A masterpiece of purely musical comedy, the vocal-instrumental performance about the dangers of sneezing, forms the overture, then a skeptical worldview spreads. “Hope is the comprehensive emotional and, under certain circumstances, action-guiding orientation of the human being towards the future”: The sensible sentence is brutally chopped up by the instruments, the word “future” is crippled and packed into a meaningless repetition loop. However, this pessimistic view does not remain the same.
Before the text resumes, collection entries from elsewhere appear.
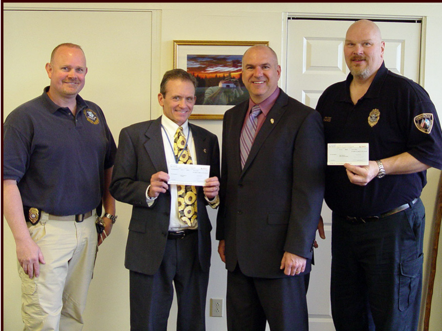
Charitable donations from last year's Commissioner's Cup Golf Tournament were distributed recently to The Connecticut Hospice Inc. ($1,250), and to the DoC's Military Peer Support Group ($1,500).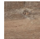
Reclaimed Oak AROW7870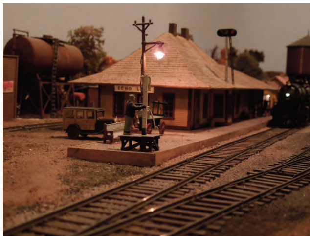
The Echo Lake station agent prepares for a mail drop. The Echo Lake depot is a scale model of a Soo class I depot most often found on the Minneapolis/St. Paul line.

With an instrumentally commented audio picture from Cuba, a different reality of life is somewhat clumsily longed for, and “Espero” via a poetically suggestive text by Pepe Gavilondo finally takes up the theme of hope again and subtly creates an alternative to the widespread nastiness.
With the mercilessly hard sound attacks over long stretches, the MCMG album makes a disillusioned impression, and yet it also spreads quiet confidence. An ambivalence that aptly describes our current situation.